Они — статисты в пантомиме жизни, люди, которых втолкнули в нее единственно ради того, чтобы они перекатывались друг через Друга, стукаясь головами обо все, что попало. Не далее как на прошлой неделе нам пришлось сидеть за ужином напротив одного из таких людей. Теперь мы припоминаем, что этот человек как две капли воды похож на джентльменов с картонными головами и лицами, которые исполняют подобную роль в театральных пантомимах, — та же глупая деревянная улыбка, те же тусклые свинцовые глаза, тот же пустой, ничего не выражающий взгляд; и что бы ни говорилось, что бы ни делалось на сцене, он непременно появится не вовремя или наткнется на что-нибудь, не имеющее к нему ни малейшего касательства. А мы-то все глядели на человека, сидящего напротив нас за столом, и никак не могли понять, к какому разряду существ его причислить. Как странно, что это только сейчас пришло нам в голову!

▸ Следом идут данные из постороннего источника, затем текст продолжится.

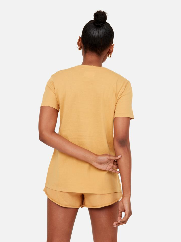 Our relaxed fit classic v neck tee is made with GOTS Organic Cotton Jersey. The Classic V has gone through a special wash to give it that worn-in hand feel.
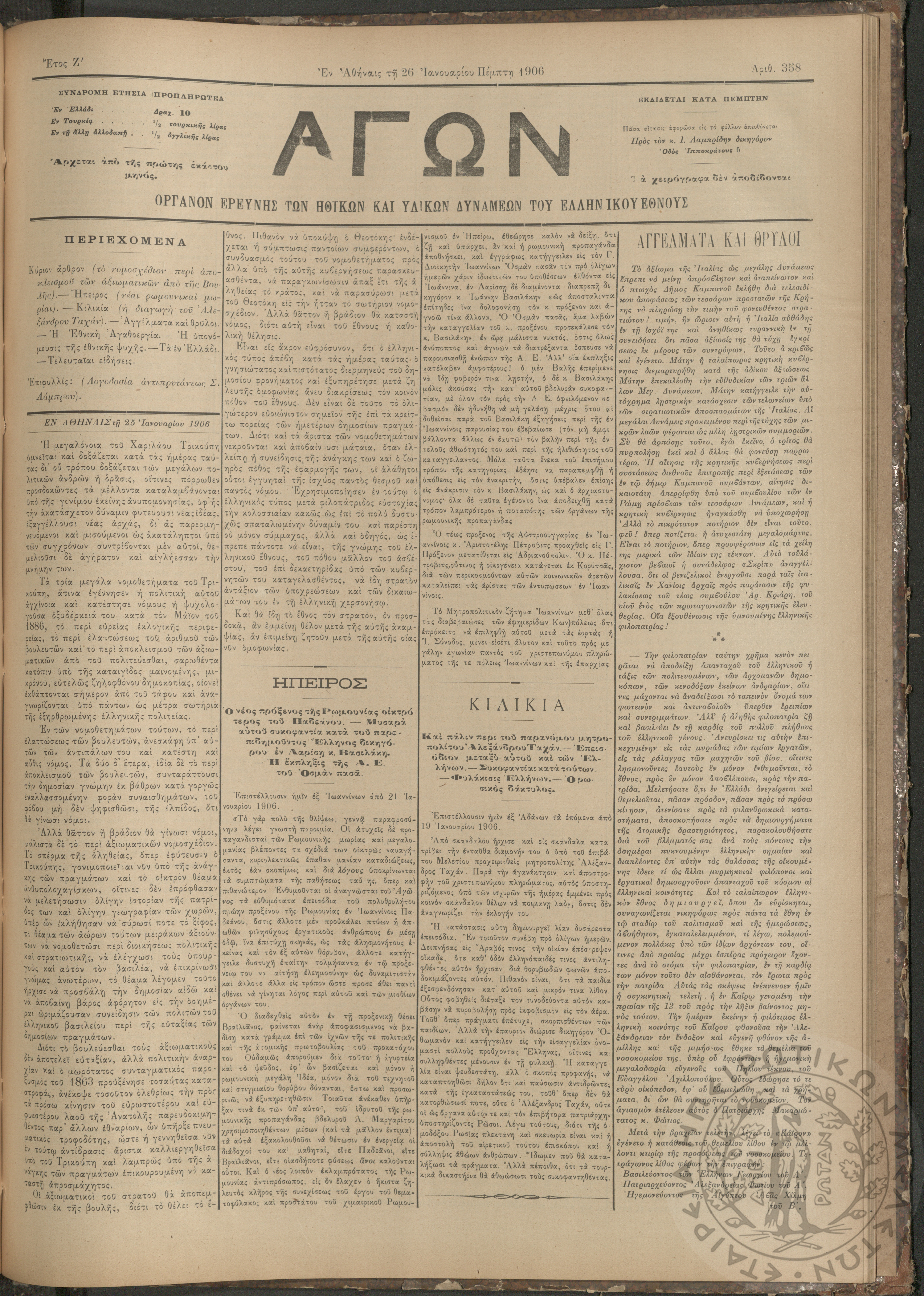 Αγών: Όργανον ερεύνης των ηθικών και υλικών δυνάμεων του Ελληνικού Έθνους, 1906 (Φ. 358)Έτος Ζ΄, Φ. 358...
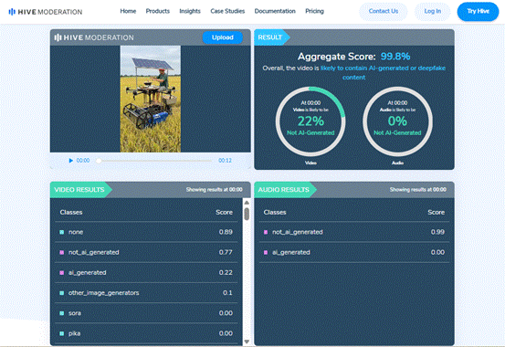 ऐसे में हमने जांच को आगे बढ़ाते हुए हमने वायरल वीडियो की AI डिटेक्टर टूल हाइव मॉडरेशन पर जांच की। हमारी जांच में सामने आया कि वायरल वीडियो के AI-जनरेटेड होने के 99.8 प्रतिशत चांस हैं।
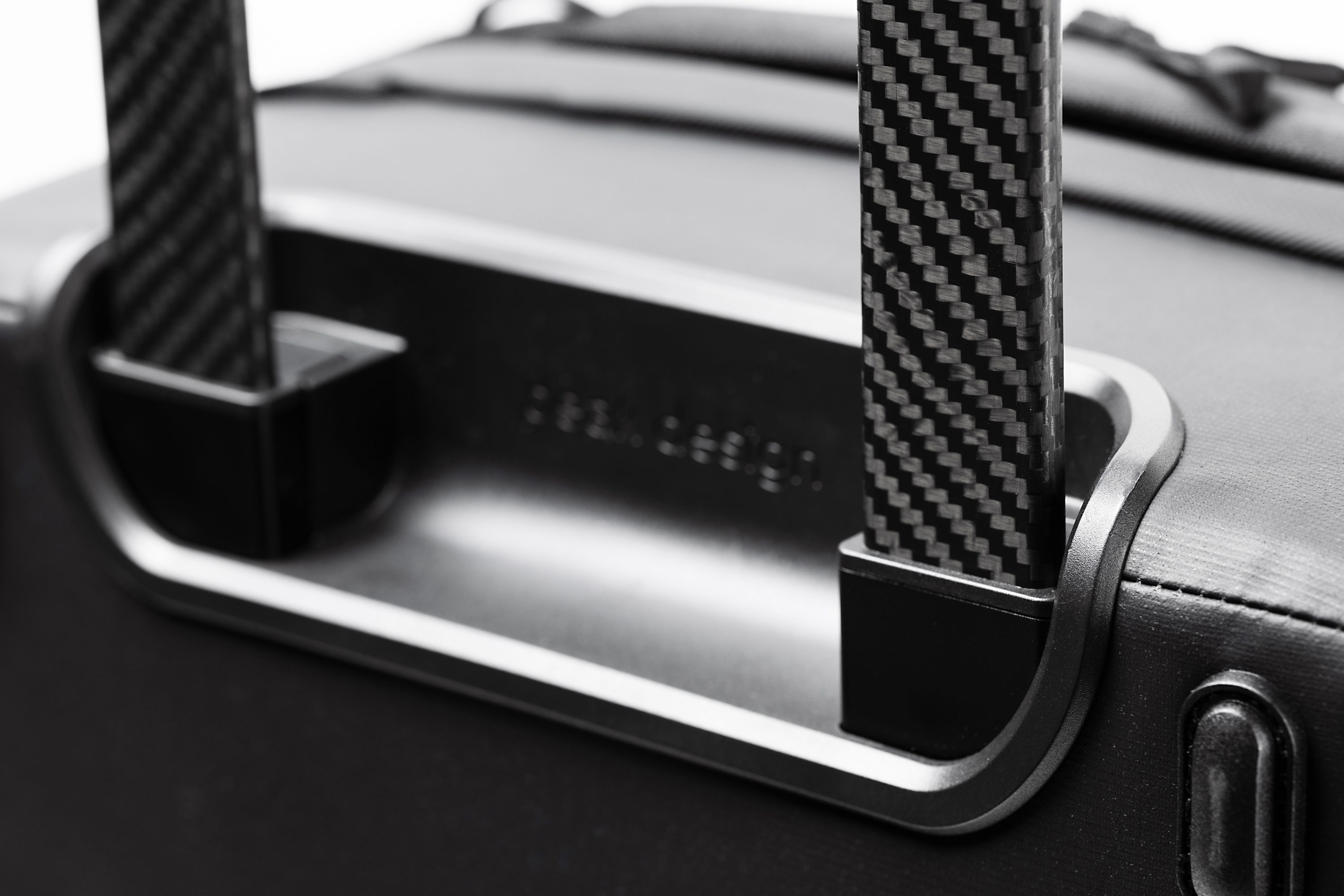 Contrairement aux poignées télescopiques en aluminium standard, qui laissent de grands espaces inutilisés au fond des valises traditionnelles, la poignée du Roller Pro est fabriquée en fibre de carbone plate monobloc. Une matière qui doit la rendre plus rigide tout en occupant seulement un tiers du volume habituel. Cela maximise l’espace de rangement et améliore l’ergonomie du bagage.
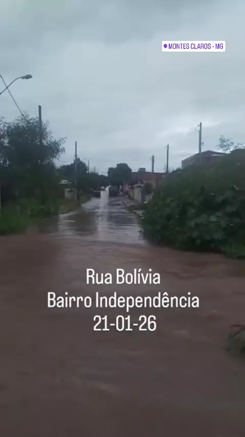 Chuva forte transforma rua Bolívia em “rio” e cria situação de risco em Montes Claros (MG) Montes Claros, Norte de Minas Gerais — 21 de janeiro de 2026 Uma forte chuva que atingiu Montes Claros nesta quarta-feira provocou alagamentos intensos em vários pontos da cidade, com destaque para a Rua Bolívia, que ficou completamente tomada pela água, em alguns trechos comparável a um verdadeiro rio urbano. Moradores e motoristas relataram que a enxurrada se movimentava com grande força, tornando peri
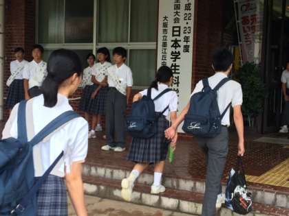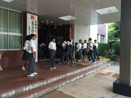 いよいよ、今日6時間目に迫りました生徒会選挙に向けて、最後のお願いが校門で行われました。
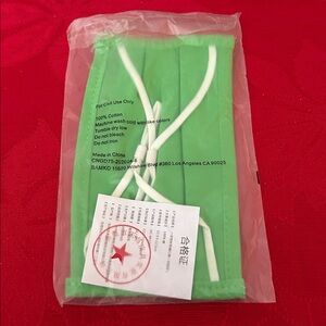 Be ready it’s flu season, here are three (3) 😷 Brand New face masks. All three are green color and made of 100% cotton and machine washable. Ward off the germs! 😷
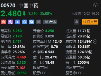 中醫(yī)藥概念股跌幅居前,中國(guó)中藥跌超35%。中國(guó)中藥宣布,國(guó)藥集團(tuán)共裕按每股4.6港元將公司私有化的先決條件仍未得到滿足。因此,建議于10月18日失效,股份在聯(lián)交所的上市地位將不會(huì)撤銷。
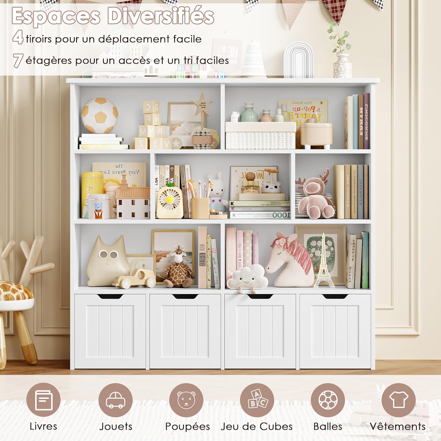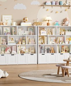 - Espace Spacieux et Organisé: Cette bibliotheque enfant mesure 125,5x33x118cm. 7 compartiments ouverts et 4 tiroirs à roulettes du meuble rangement enfant offrent un espace suffisant pour les livres, les jouets, les poupées, les vêtements et autres objets du quotidien, permettant aux enfants de trouver facilement ce dont ils ont besoin, de cultiver de la bonne habitude de rangement et de rendre la chambre des enfants rangée et ordonnée en un instant
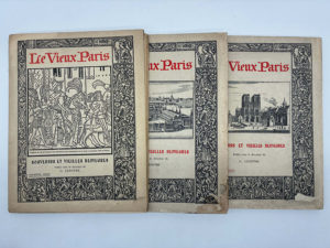 premier plat. 77 pp. ; 89 pp. ; 99 pp., nombreuses illustrations en N&B in et hors-texte, lettrines ornementées rouges et noires. Titre imprimé en noir et rouge dans un encadrement historié. Couvertures usées et brunies par endroits. Coutures lâches, rares rousseurs ; intérieurs propres. Édition originale non numérotée. Ensemble des trois premières séries de cet ouvrage sur le Vieux Paris, publié sous la direction de Gustave Lenotre et richement illustré de photographies en noir et blanc dans le texte et à pleine page. Une charmante publication sur le vieux Paris et ses lieux emblématiques.
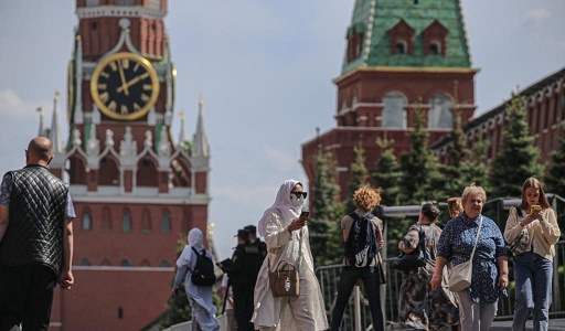 5月23日,人們在俄羅斯首都莫斯科佩戴口罩出行。
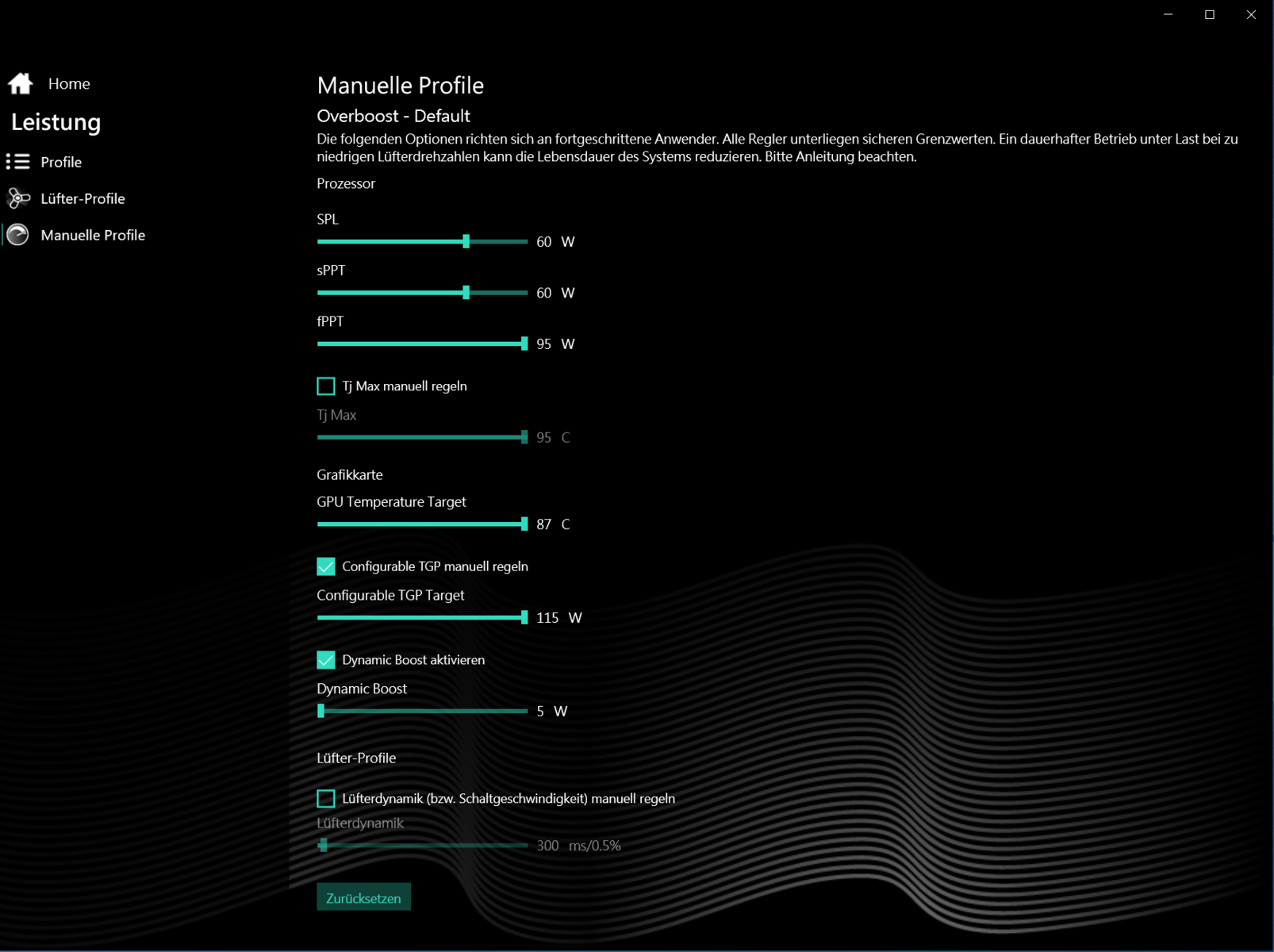 Der Grafikkern kann mit der maximal möglichen TGP von 130 Watt betrieben werden. Dazu muss der Dynamic Boost per Control Center auf 15 Watt erhöht werden. Schenker setzt die TGP im Auslieferungszustand auf 120 Watt (115 Watt + 5 Watt Dynamic Boost).

Сознаемся откровенно, что арлекин доставил нам много хлопот. В пантомиме реальной жизни мы видим столько всевозможных арлекинов, что, право же, затрудняемся, которого из них выбрать в товарищи арлекину на театре. Одно время мы склонны были думать, что арлекин не кто иной, как некий знатный и состоятельный молодой человек, который, убежав с танцовшицей, прожигает свою жизнь и средства в пустых и легкомысленных развлечениях. Однако, поразмыслив, мы вспомнили, что арлекины иногда способны острить и даже совершать разумные действия, что же касается нашего знатного и состоятельного молодого человека, то думается нам, что он едва ли повинен в подобных проступках. По зрелом размышлении мы пришли к выводу, что арлекины в жизни — это по большей части обыкновенные люди, отнюдь не составляющие обязательной принадлежности каких-либо определенных кругов или сословий, некоторых определенное положение или особое стечение обстоятельств наделило волшебным жезлом. И это обязывает нас сказать несколько слов о пантомиме общественной и политической жизни, — что мы тотчас же и сделаем, после чего умолкнем, предпослав здесь лишь замечание о том, что мы отказываемся упоминать о коломбине, ибо никоим образом не одобряем характера ее отношений с разноцветным любовником и ни в коем случае не чувствуем себя вправе представить ее высоконравственным и почтенным дамам которые внимательно читают наши пространные рассуждения.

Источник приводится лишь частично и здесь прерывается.